Given the records underneath, please repeat exactly the lines from the line with "El próximo domingo" through the line with "The contemporary shower", passing over any picture.

::: DATA PROVIDED

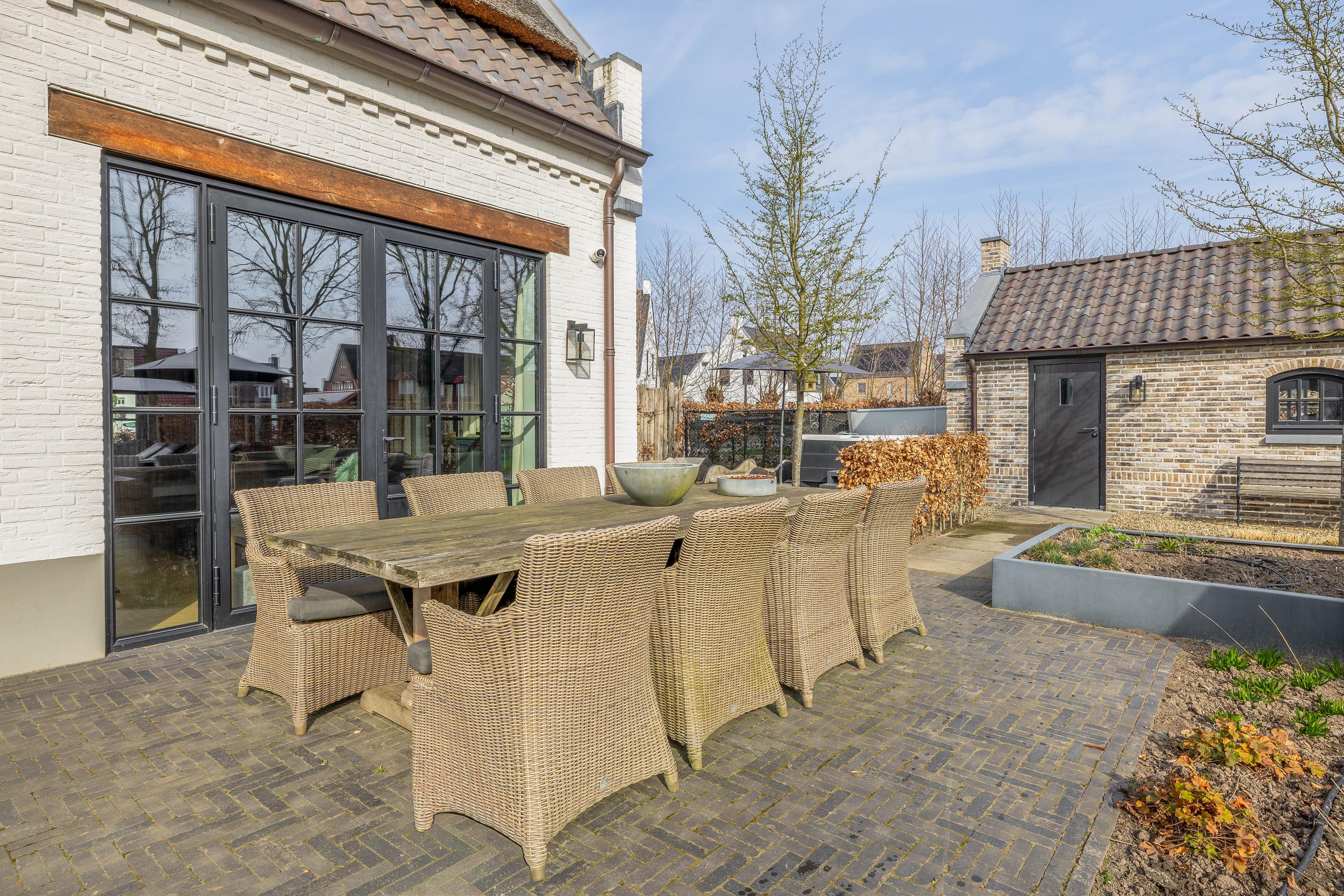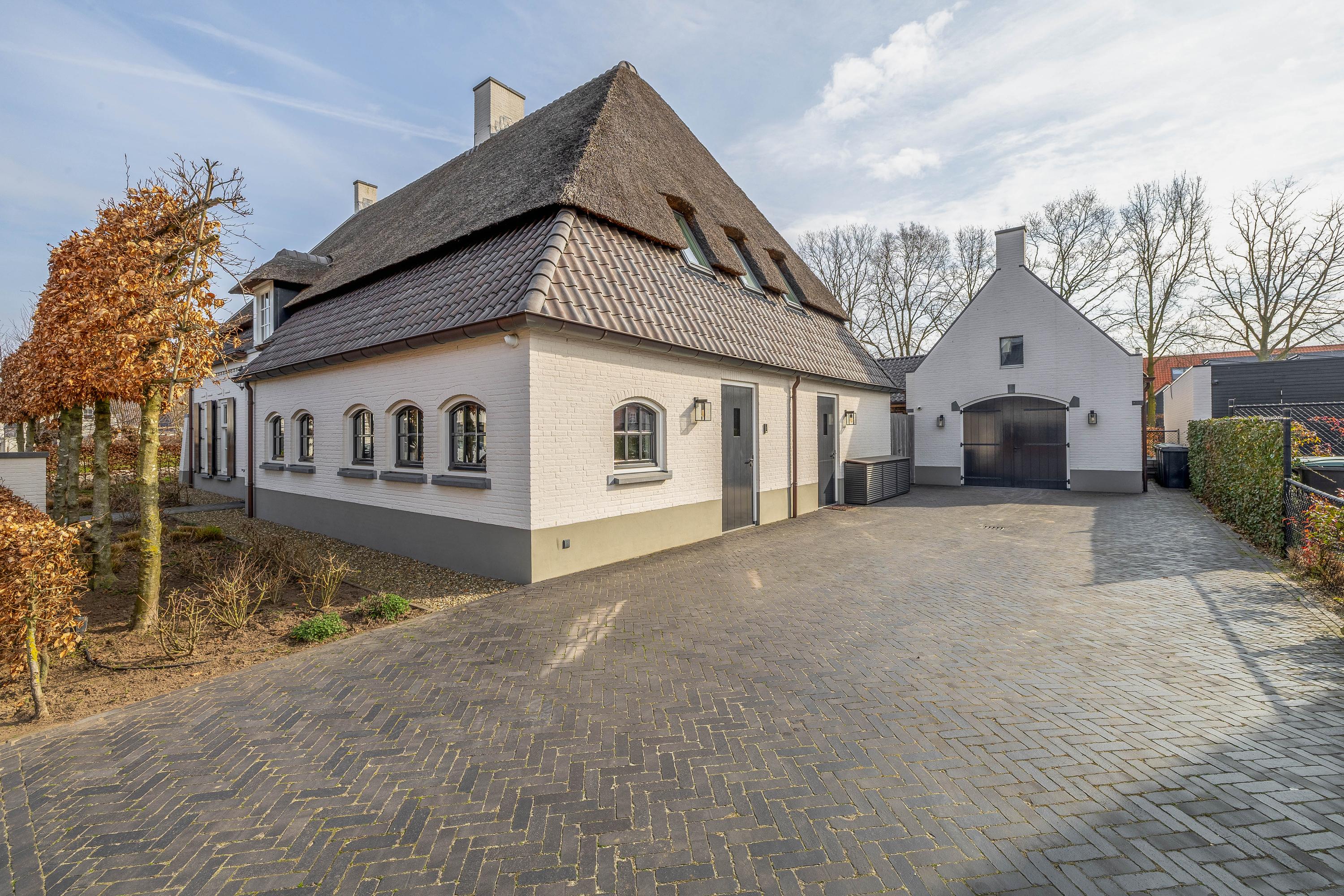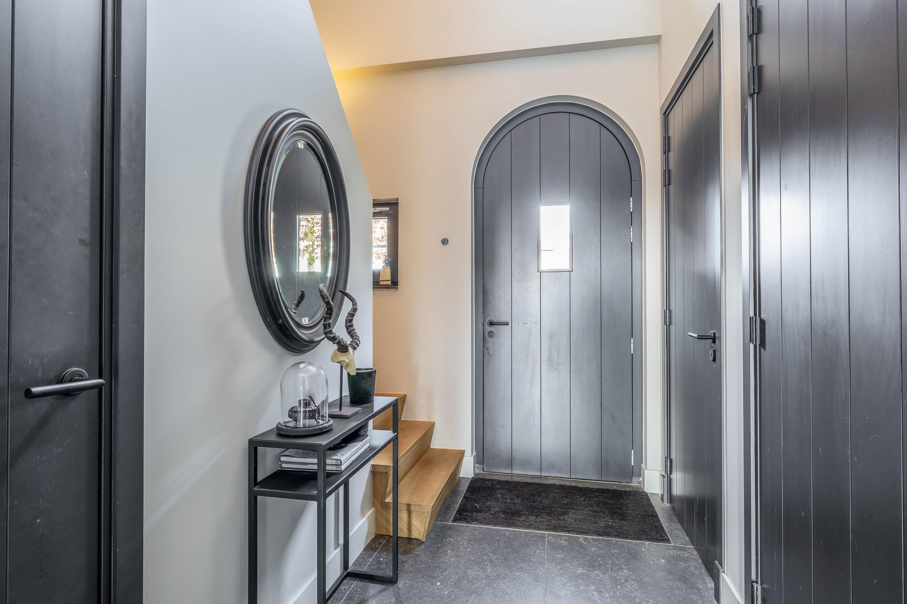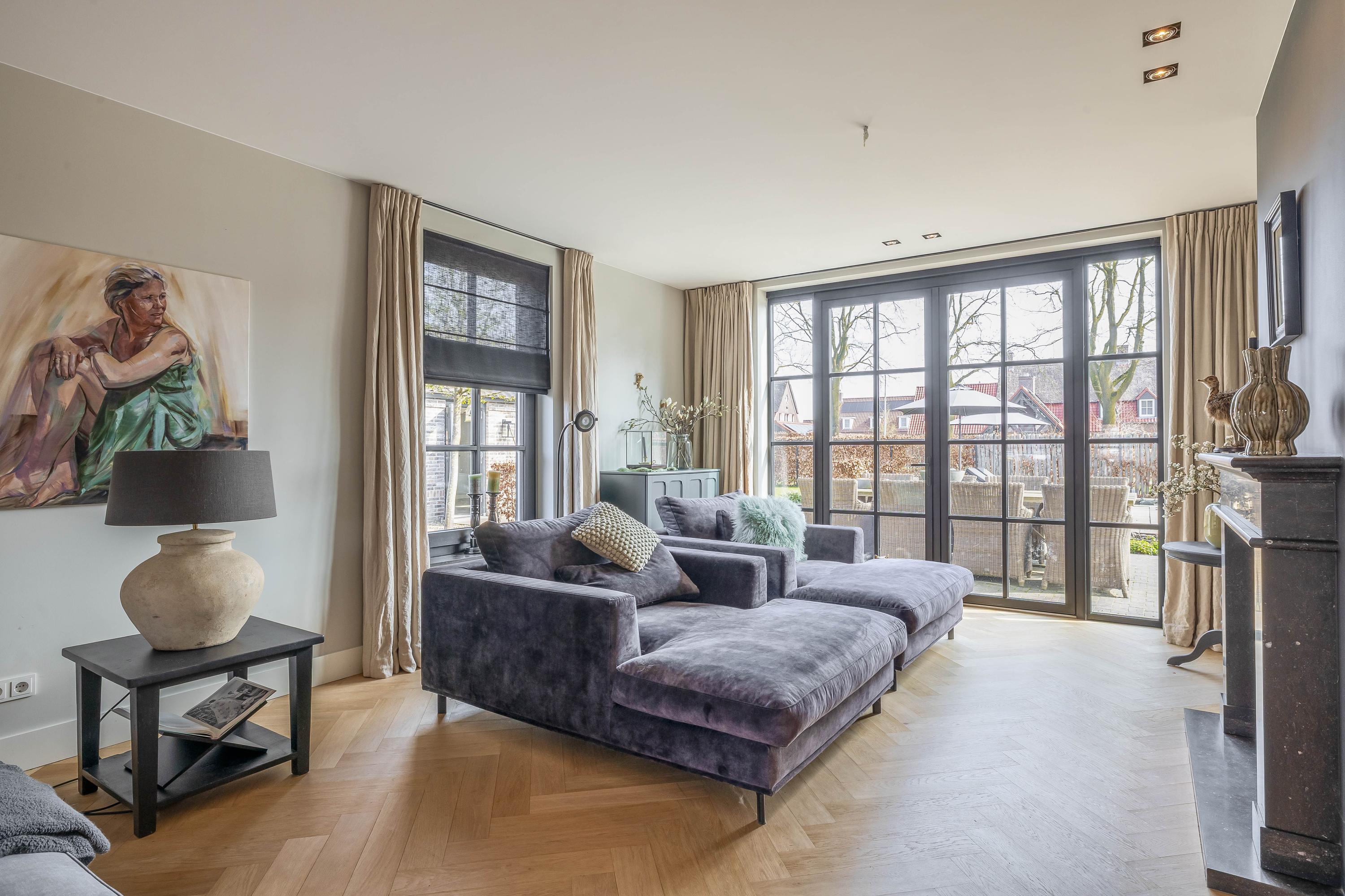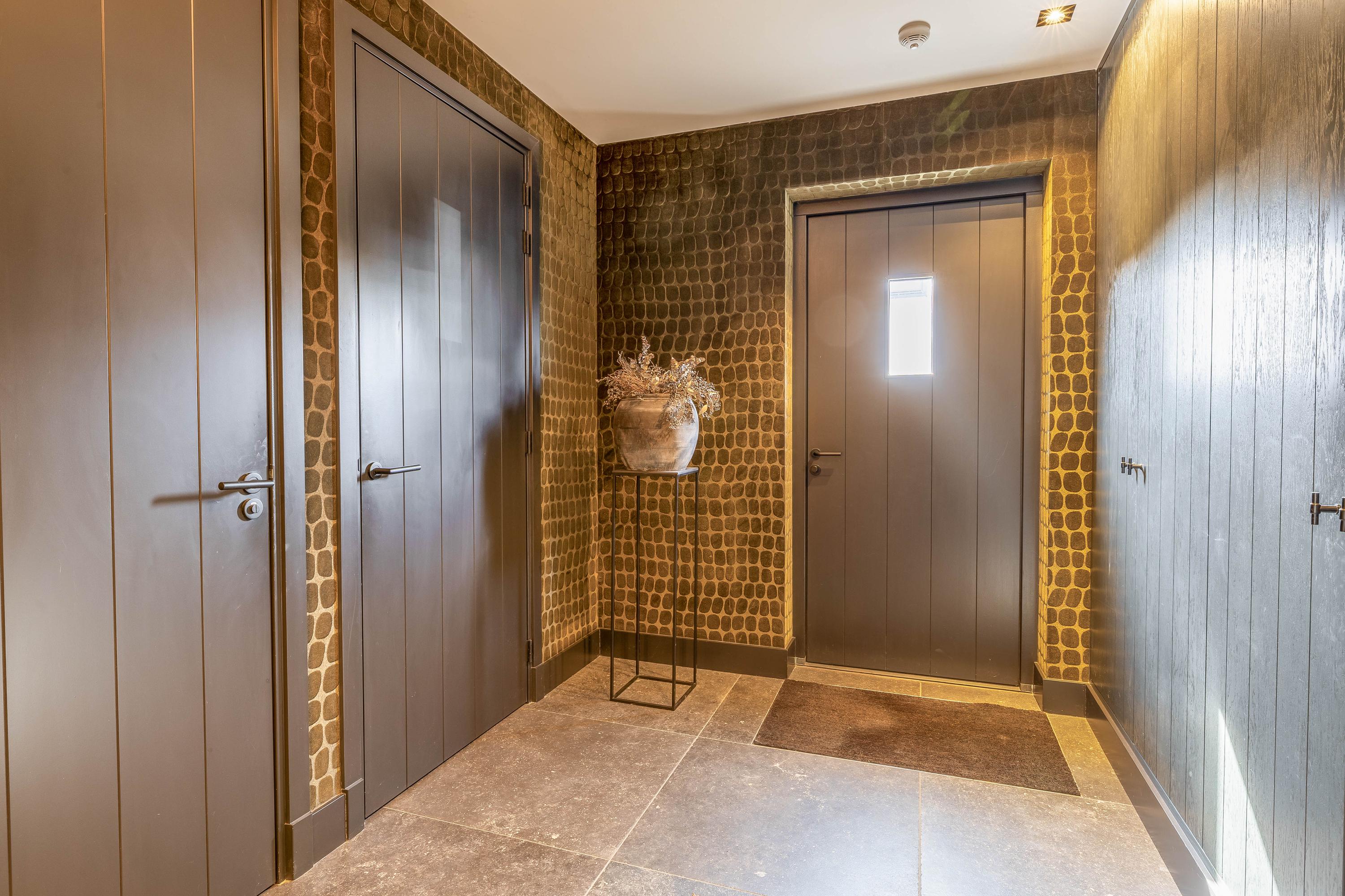 This farmhouse offers you a rare opportunity to live in an oasis of luxury, comfort, and privacy. With attention to detail, high-quality materials, and a thoughtful layout, every floor showcases a cohesive design where ceramic tiles, an oak herringbone floor, and meticulously applied stucco unite to form a warm and elegant whole. The seamlessly coordinated materials and finishes give every space a refined, consistent look.
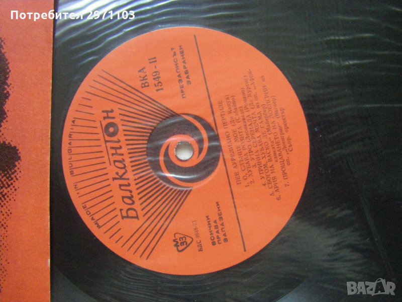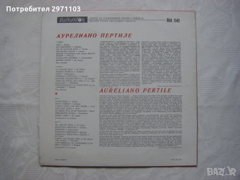 Грамофонна плоча - ВКА 1549 - Рецитал на Аурелиано Пертиле - тенор
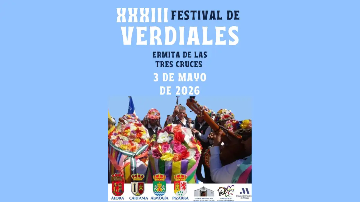 El próximo domingo 3 de mayo tendrá lugar el XXXIII Día de convivencia de Verdiales en la Ermita de las Tres Cruces, en el entorno de los municipios de Almogía, Álora, Cártama y Pizarra. La fiesta se consolida como una de las citas más esperadas del año en la comarca, declarada de Singularidad Turística Provincial y de Interés Turístico Nacional de Andalucía, y se estructura en torno a un largo paseíllo de pandas de verdiales, un acto institucional y el cambio de vara de mando entre ayuntamientos.
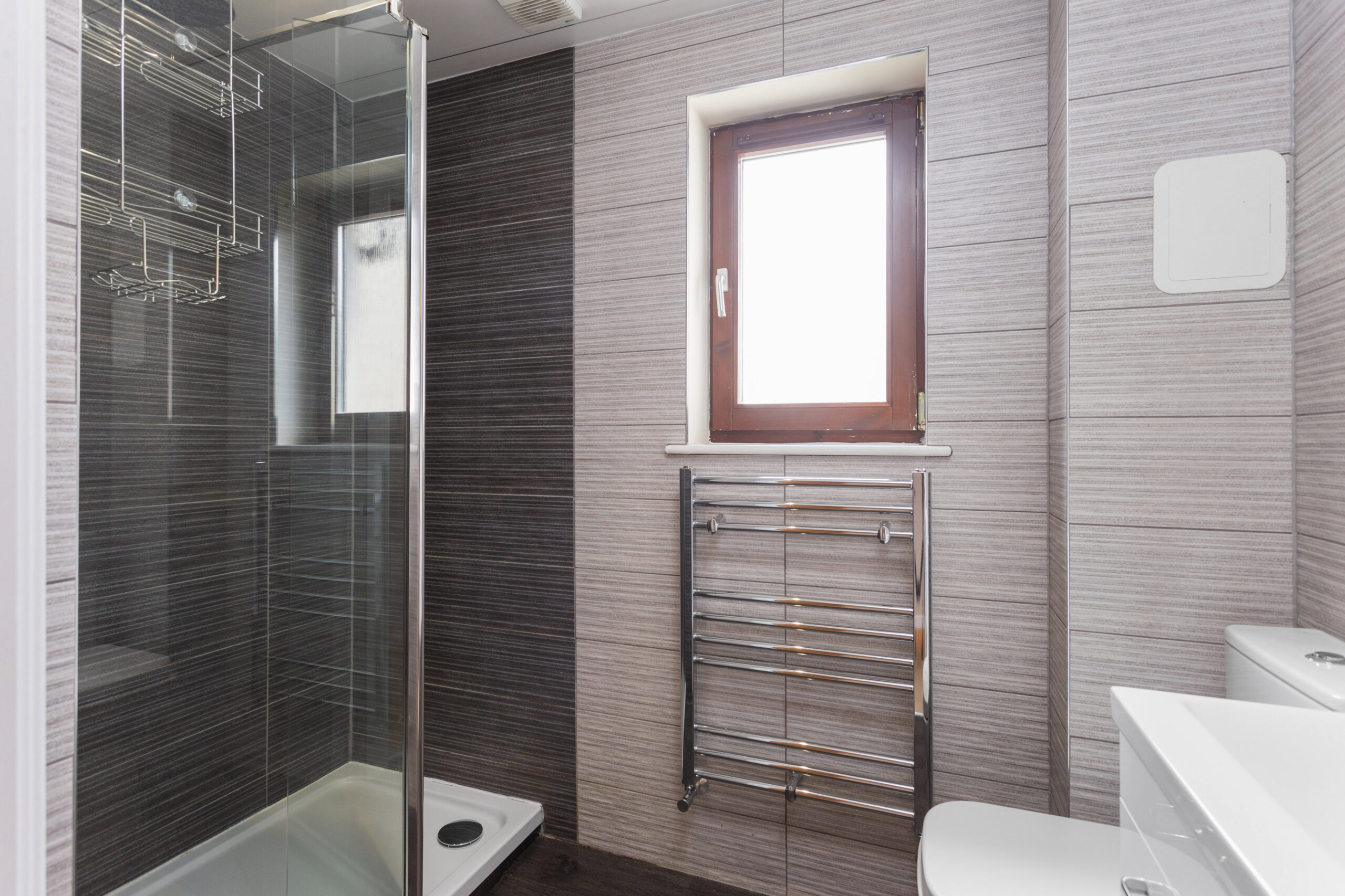 The contemporary shower room is a statement of modern living, complete with a stylish tiled finish, double shower, chic stainless steel heated towel rail, and sophisticated spotlights.
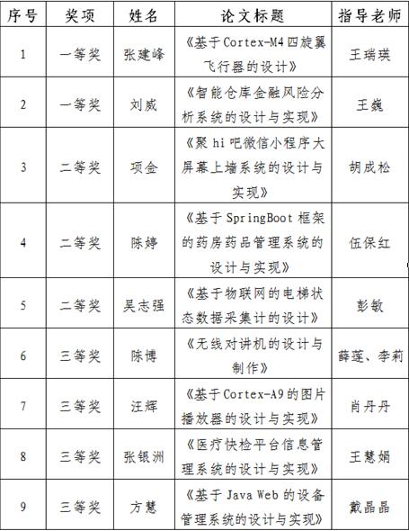 【9学生参加5校优秀毕业(设计) 论文联合答辩】 5月22日,武汉民办高校信息学科合作联盟在武汉东湖学院举行“2019年5校优秀本科毕业(设计)论文联合答辩”,来自武昌工学院、必赢优惠y272net、武昌理工学院、武汉设计工程学院、武汉东湖学院推荐的47名应届优秀毕业生参加答辩。必赢优惠y272net学生张建峰的论文《基于Cortex-M4四旋翼飞行器的设计》(指导教师王瑞瑛)、刘威的论文《智能仓库金融风险分析系统的设计与实现》(指导教师王巍)获得联合答辩一等奖。5校校优秀本科毕业(设计)论文联合答辩至今已成功举办5届,5校之间互派教师进行毕业论文交叉指导、联合答辩,推荐优秀论文共同参加答辩,既加强校际合作与交流,展现各校办学特色,又提升毕业论文的理论水平和实践效果,也促进计算机及其相关专业应用型人才培养质量的提高,为本科教学工作合格评估奠定扎实基础。学校信息学院推荐9篇优秀毕业论文获奖情况,详见下表。

::::::

• _ANSWER SECTION_
 El próximo domingo 3 de mayo tendrá lugar el XXXIII Día de convivencia de Verdiales en la Ermita de las Tres Cruces, en el entorno de los municipios de Almogía, Álora, Cártama y Pizarra. La fiesta se consolida como una de las citas más esperadas del año en la comarca, declarada de Singularidad Turística Provincial y de Interés Turístico Nacional de Andalucía, y se estructura en torno a un largo paseíllo de pandas de verdiales, un acto institucional y el cambio de vara de mando entre ayuntamientos.
 The contemporary shower room is a statement of modern living, complete with a stylish tiled finish, double shower, chic stainless steel heated towel rail, and sophisticated spotlights.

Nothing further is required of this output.